Salbhasana or the locust pose
For performing salbhasana lie flat on your stomach. Push your legs upwards without folding them from the knees. At the same time also push your upper body upwards without bending from waist. Keep your hands extended to the back in order to feel the tension in your body. Hold this position for few moments and then rest. Perform at least 3 repetitions in one sitting.
Chakrasana or the wheel pose
This asana helps in building the abs as well as the back muscles. It can be highly effective for toning up the lower back muscles, where usually more fat is stored. If you are a beginner do this asana from a lying position, and you can do it from a standing position once you have mastered it. Lie flat on your back, placing the palms of your hands on the floor beside your shoulder. Bend your knees and place your feet strongly on the floor. Now pull your body up to make the wheel pose. Once you reach the maximum position hold it for 20-30 counts and then slowly get back to the lying position.
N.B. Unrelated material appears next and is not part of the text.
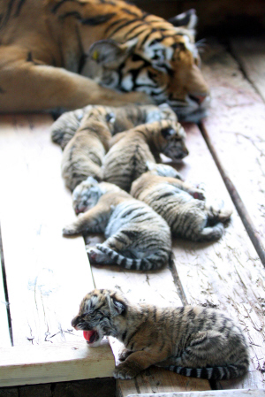 6月1日,黑龍江東北虎林園傳出喜訊,一只8歲東北虎一胎竟然產(chǎn)下了6只小虎崽,并且全部成活,這在世界上也十分罕見。預計虎寶寶將在3個月后與游客見面。

Vasisthasana or the side plank pose
This asana can also be highly effective to tone up your back as it stretches the back muscles effectively. To do this asana get into the plank or dandasana pose and then shift your weight to the left and raise your right hand up moving your body to one side. Once your hand reaches the highest position hold it for 30-40 seconds and then trace back. Repeat with the other hand. Complete at least 3 sets in one sitting.
The diet tip to lose weight at the back easily
While exercises and asanas can give you targeted weight loss effects shifting to a diet that is healthy for your body and helps in fat burning will only make the task easier for you. You really need not to starve yourself for getting rid of the back fat, just shift to a healthy diet that is devoid of high calorie fatty foods and sweeteners. Also keep a check on your total carbohydrate consumption and make sure to include loads of fruits and vegetables in your diet so that your stomach is filled without adding much to the calorie intake. Stop snacking junk foods and limit the number of visits to the restaurant.